Camunda 8 - flexible JSON processing

Hi there,

Our use-case requires parsing messages which can vary considerably in their associated JSON properties (e.g. might be 50 to 1000+ fields depending on the msg input).

We require that both flow conditions and rules can be based on any of these fields. However, we see that the default behaviour of Camunda is to raise an incident and pause execution whenever there is no corresponding field in the token’s variables.

Can we override this behaviour to handle nulls without raising an incident (i.e. just ignore and treat as null so is no condition match)?

Having to prepare/preset all “missing” properties as null, creates a very large overhead for processing overall and each external task call.

Thanks for your time and help

Does this help?

Thanks @jwulf

Will try defined() out and revert …

@jwulf, before I get there am encountering the following issue re JSON … I simply want to return a nested JSON (object / not string), from a job to a flow.

Believe this is possible here : Variables | Camunda Platform 8 Docs

Using SpinJsonNode. Can convert from a json file or string to this object type, but cannot return from as JSON object per se - only as a String form.

Hence, trying to access an associated nested property in a flow, does not work in subsequent tasks.

Thanks for your time

Is this feature available in Camunda 8 or just in 7? How to return a full JSON object (with all its nested glory) to Camunda 8 Flow.

Every method am trying from SPIN and Jackson JSON are just serialising the object’s metadata back into the flow at best.

Tried the below resources without luck … pls help.

https://groups.google.com/g/camunda-bpm-users/c/IYdZmFehj5Q

Can someone pls confirm whether Camunda 8 supports Spin or not, and if not how to get as JSON object into the flow ( not string ).

According to this …

"## Use primitive variable types or JSON

Camunda 7 provides quite flexible ways to add data to your process. For example, you could add Java objects that would be serialized as byte code. Java byte code is brittle and also tied to the Java runtime environment. Another possibility is magically transforming those objects on the fly to XML using Camunda Spin. It turned out this was black magic and led to regular problems, which is why Camunda 8 does not offer this anymore."

vs

Hi @dred,

in Camunda 8 you don’t need Spin as a library anymore.
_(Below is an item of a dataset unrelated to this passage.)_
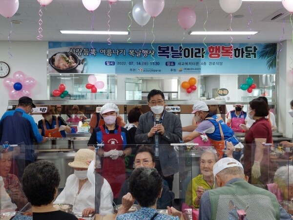 조한석 관장은 식사에 앞서 어르신들께 “매년 진행된 복날 맞이 행사를 올해는 500 여명의 어르신들을 모시고 진행하게 되어 기쁘고 오늘 저희 기관에서 준비한 따뜻한 삼계탕과 시원한 수박을 많이 드시고 더위 잘 이겨내시라”고 응원했다.

A quote from the docs you posted above:

A variable has a name and a JSON value.

Internally all variables are JSON, the data are transferred as JSON over GRPC and the Spring-Zeebe client has some magic to handle the JSON Variables as Java Objects: GitHub - camunda-community-hub/spring-zeebe: Easily use the Zeebe Java Client in your Spring or Spring Boot projects or GitHub - camunda-community-hub/spring-zeebe: Easily use the Zeebe Java Client in your Spring or Spring Boot projects or simply

String variable1 = (String)job.getVariablesAsMap().get("variable1");

Hope this helps, Ingo

Hi @Ingo_Richtsmeier

The issue wasn’t getting variables from the flow, but ensuring when returned they are available as JSON objects. Whenever I passed a JSON as a Java String, it was a String, not a JSON, evident by the quote escapes displayed in Operate and the inability to target a nested property.

It started working as expected when returned variables from the client worker to the flow as a Map<String, Object>. So this issue is fine now.